Quantization was performed using exllama3 v0.0.15.
| Quant | Size (GB) | KL-div (quant, orig) | KL-div (orig, quant) | Perplexity | Top-K K=1 | Top-K K=2 | Top-K K=3 | Top-K K=4 | Top-K K=5 |
|---|---|---|---|---|---|---|---|---|---|
| 2.0bpw | 57 | 0.41617405 | 0.63545585 | 5.76802263 | 0.7706 | 0.4538 | 0.2223 | 0.0960 | 0.0410 |
| 3.0bpw | 84 | 0.14266876 | 0.19399434 | 4.36054284 | 0.8777 | 0.6373 | 0.4059 | 0.2369 | 0.1316 |
| 4.0bpw | 111 | 0.02823074 | 0.03066939 | 3.85603126 | 0.9442 | 0.8062 | 0.6315 | 0.4630 | 0.3231 |
| 5.0bpw | 138 | 0.00948993 | 0.00957515 | 3.75920156 | 0.9666 | 0.8749 | 0.7485 | 0.6102 | 0.4783 |
| 5.5bpw | 151 | 0.00514412 | 0.00524848 | 3.75774266 | 0.9753 | 0.9075 | 0.8081 | 0.6913 | 0.5751 |
| 6.0bpw | 165 | 0.00399840 | 0.00401824 | 3.75147423 | 0.9774 | 0.9144 | 0.8214 | 0.7118 | 0.6006 |
| original | 437 | - | - | 3.73952143 | - | - | - | - | - |
Metrics explanation
- KL-divergence: Measures the difference between probability distributions of quantized and original models. Lower is better (closer to original).

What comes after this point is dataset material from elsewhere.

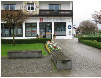
Eingangsbereich der Tourist- Information.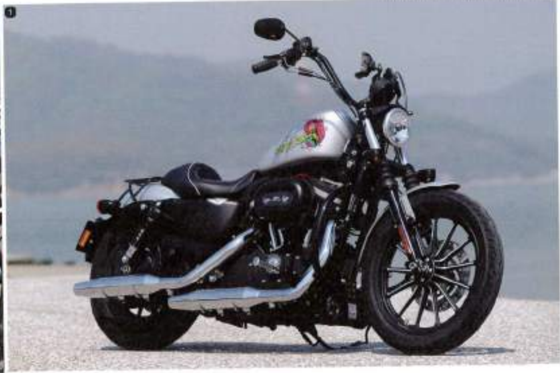
1: ブラックとシルバーの2色で見た目をシンプルに。足まわりは投げ出すような乗り方が好きで、ステップはフォワードコントロールに。2: 純正ハンドルは、ノーマルより長く、手前にもポジション。ツーリングではガーミン製のナビも装着する。3: シートは純正にオーダー。ハイビームのあたりとスポンジを薄く変更してもらった。4: 色味の色味に合わせてヘルメットもペイント。女の子っぽくなりすぎないテイストが好き。5: ツールバッグはラングリッツレザー製。もともと純正のブランドが好きだったのと、軽らかい質感のものがはしかったのがセレクトの決め手

- Perplexity: Indicates how well the model predicts the next token. Lower values mean better prediction quality.
- Top-K agreement: Shows how often the quantized model's top-K predictions exactly match the original model's predictions. Higher values indicate better preservation of the original model's behavior (1.0 = perfect match):
- K=1: The fraction of times both models predict the exact same token as their top-1 choice
- K=5: The fraction of times both models have the same 5 tokens in their top-5 predictions in the exact same ranking order
Tool Calls Support for Qwen/GLM Models
The official tabbyAPI doesn't support tool calls for Qwen and GLM models yet.
If you're using Qwen-Code, OpenClaw, or similar software that need tool call support, you can use my fork with the tools-support branch:
Clone directly:
git clone -b tools-support https://github.com/NeuroSenko/tabbyAPI
Or add to existing tabbyAPI installation:
git remote add neurosenko https://github.com/NeuroSenko/tabbyAPI
git fetch neurosenko
git checkout -b tools-support neurosenko/tools-support
This branch includes native tool calling support for Qwen and GLM model families.